4:00 PM – 5:30 PM Wednesday, December 17^th, 2025

Location

Hybrid（CryoEM building and Zoom）

Speaker

Yuichiro H. Takagi, Ph.D.

Associate Professor
Scientific advisor for cryo-EM 
Department of Biochemistry and Molecular Biology
Indiana University School of Medicine

Takagi Lab

Abstract

Targeting asparagine metabolism is a promising strategy for treating asparaginase-resistant acute lymphoblastic leukemia (ALL), sarcoma, and potentially other solid tumors.

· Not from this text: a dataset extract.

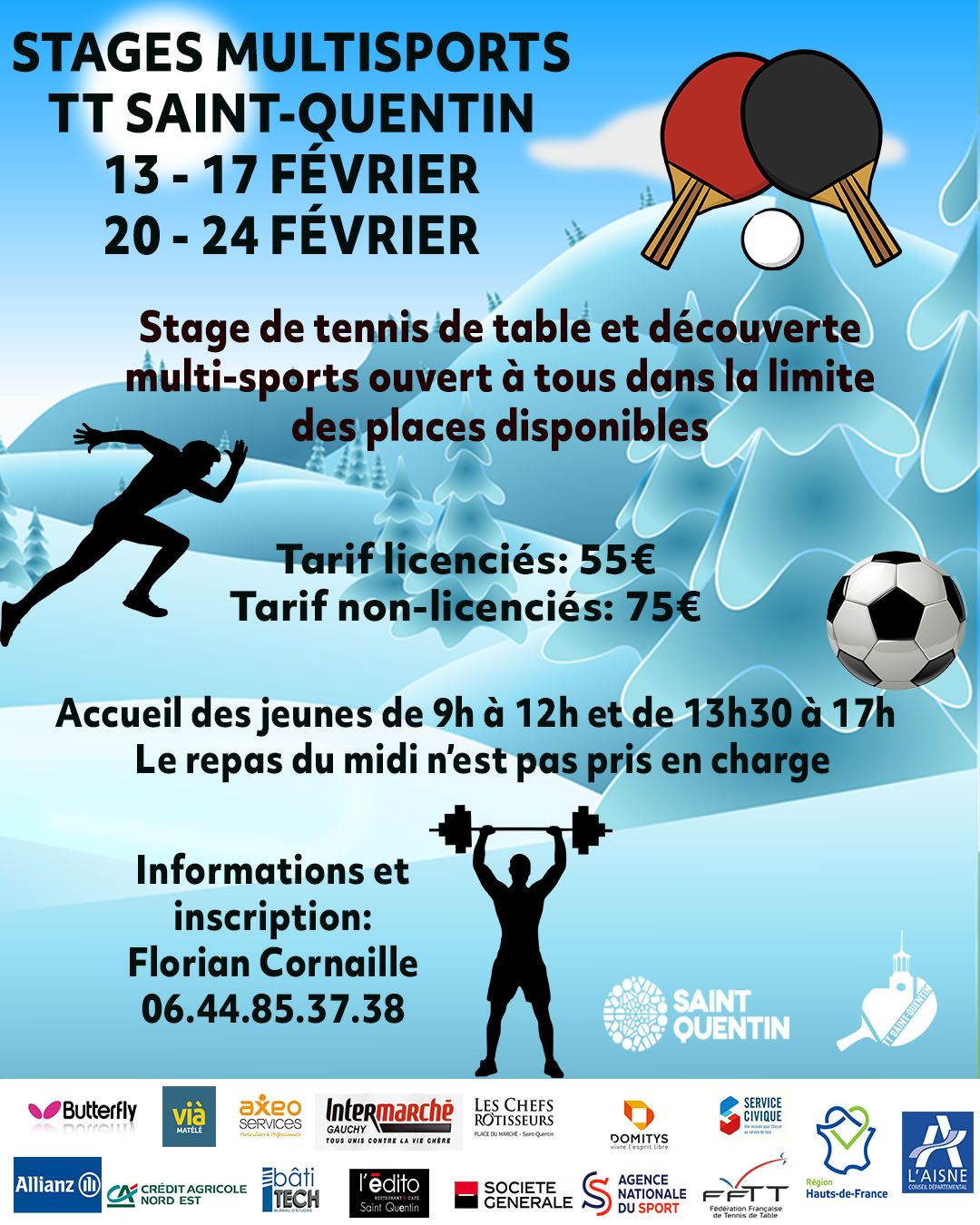 Le club organise deux stages multisports pendant les vacances d'hiver, le premier du lundi 13 au vendredi 17 février et le second du lundi 20 au vendredi 24 février. Le stage est ouvert aux enfants de 7 à 16 ans, licenciés ou non au TTSQ.

Here, we characterize the molecular mechanism by which a cell-penetrable small molecule, ASX-173, inhibits human asparagine synthetase (ASNS), the enzyme that catalyzes intracellular asparagine biosynthesis. ASX-173 reduces cellular asparagine levels, induces the integrated stress response (ISR), and reduces cell growth in HEK-293A cells. A cryo-EM structure reveals that ASX-173 engages a unique, hydrophobic pocket formed by AMP, Mg2+, and pyrophosphate in the C-terminal synthetase domain of ASNS, thereby enabling multivalent, high-affinity binding. Based on in vitro kinetic and thermal shift assays, we find that ASX-173 binds to the ASNS/Mg2+/ATP complex and is therefore a rare example of an uncompetitive enzyme inhibitor with potential therapeutic use. These findings provide a structural and mechanistic basis for targeting ASNS with small molecules, which have application in treating cancer and other human diseases.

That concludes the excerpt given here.